What you will do: Could you restate the data below word for word, without its pictures?

Listed records:
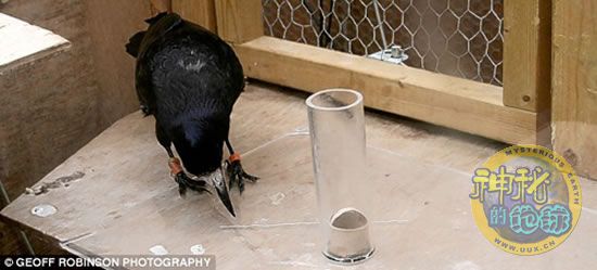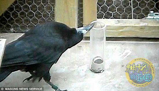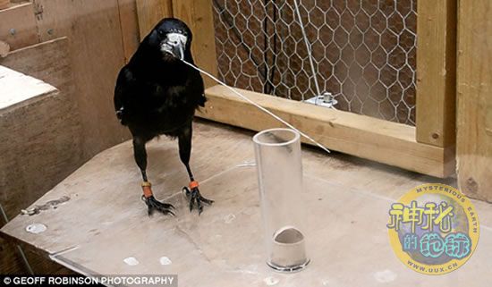 试验期间,研究人员给它们提供了一个小桶,一个长玻璃管,小桶放在玻璃管底,虫子在小桶里蜿蜒爬行,乌鸦够不到它们。在玻璃管旁边放着一根细铁丝。尽管它们以前从没有过这种经历,但是这些聪明的乌鸦看一眼后似乎立刻就想出了吃到虫子的办法,它们开始忙着把铁丝弄弯,让它形成钩状,然后用钩子把小篮子勾出来,尽情享用美餐。
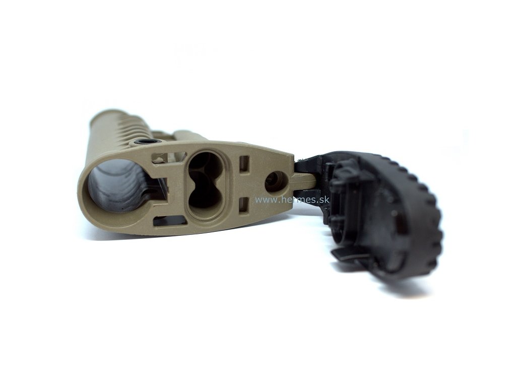 - Super robustný dizajn, 8 otvorov v polohách pre najlepšie prispôsobenie pažby vášmu individuálnemu bojovému úchopu.
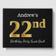 Black, Faux Gold 22nd Birthday Party + Custom Name Guest Book
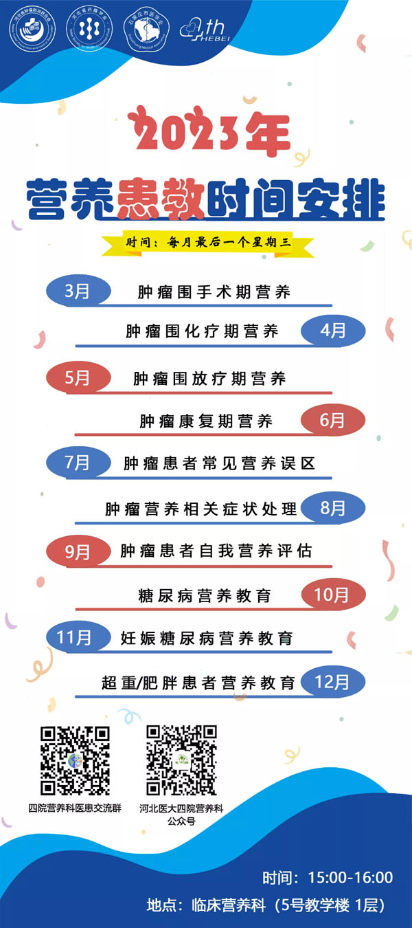 每月最后一个周三下午,临床营养科营养师会通过线上、线下相结合的形式,对广大患者进行营养患教,受众主要是肿瘤、糖尿病及超重/肥胖患者及家属。每月有1个不同的主题,包括肿瘤不同时期营养干预、营养误区、相关症状处理、自我营养评估及糖尿病、超重/肥胖患者营养教育等内容。患教活动旨在充分发挥临床营养科的力量,为我院广大患者及家属朋友们宣教营养知识,避开营养误区,辅助临床医生更好的治疗疾病。
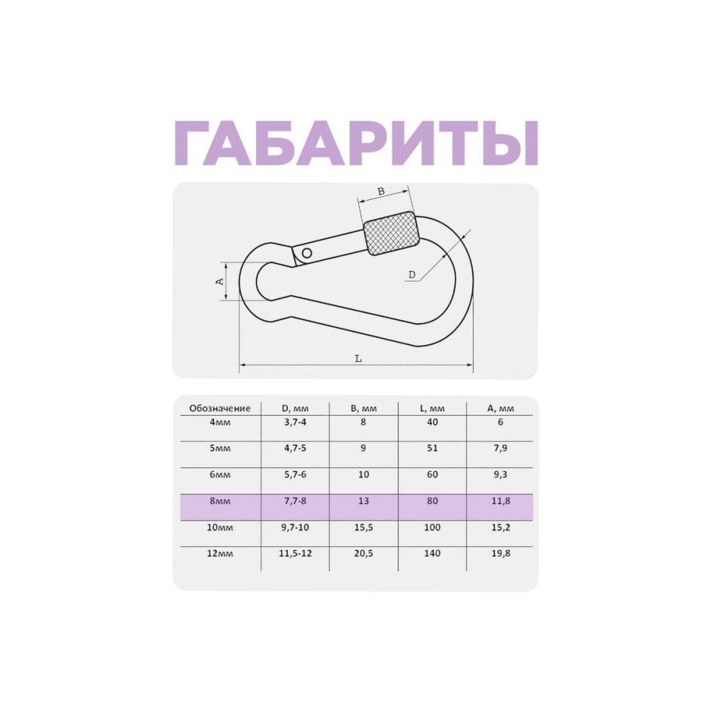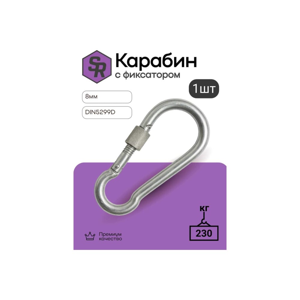 Карабин с фиксатором STEELREX DIN 5299D, цинк, 8 мм, упаковка 1 шт. 0526008000W100000110
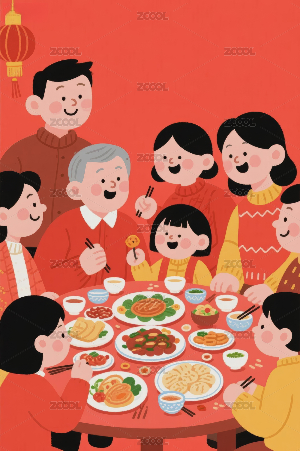 新年一家人在除夕夜吃团圆饭的年俗插画
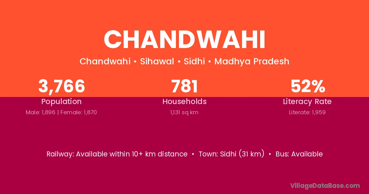 Sidhi (31 km) is the nearest town to Chandwahi village for major economic activities and is located approximately 31 km away.

Answer for this exercise:
 试验期间,研究人员给它们提供了一个小桶,一个长玻璃管,小桶放在玻璃管底,虫子在小桶里蜿蜒爬行,乌鸦够不到它们。在玻璃管旁边放着一根细铁丝。尽管它们以前从没有过这种经历,但是这些聪明的乌鸦看一眼后似乎立刻就想出了吃到虫子的办法,它们开始忙着把铁丝弄弯,让它形成钩状,然后用钩子把小篮子勾出来,尽情享用美餐。
 - Super robustný dizajn, 8 otvorov v polohách pre najlepšie prispôsobenie pažby vášmu individuálnemu bojovému úchopu.
 Black, Faux Gold 22nd Birthday Party + Custom Name Guest Book
 每月最后一个周三下午,临床营养科营养师会通过线上、线下相结合的形式,对广大患者进行营养患教,受众主要是肿瘤、糖尿病及超重/肥胖患者及家属。每月有1个不同的主题,包括肿瘤不同时期营养干预、营养误区、相关症状处理、自我营养评估及糖尿病、超重/肥胖患者营养教育等内容。患教活动旨在充分发挥临床营养科的力量,为我院广大患者及家属朋友们宣教营养知识,避开营养误区,辅助临床医生更好的治疗疾病。
 Карабин с фиксатором STEELREX DIN 5299D, цинк, 8 мм, упаковка 1 шт. 0526008000W100000110
 新年一家人在除夕夜吃团圆饭的年俗插画
 Sidhi (31 km) is the nearest town to Chandwahi village for major economic activities and is located approximately 31 km away.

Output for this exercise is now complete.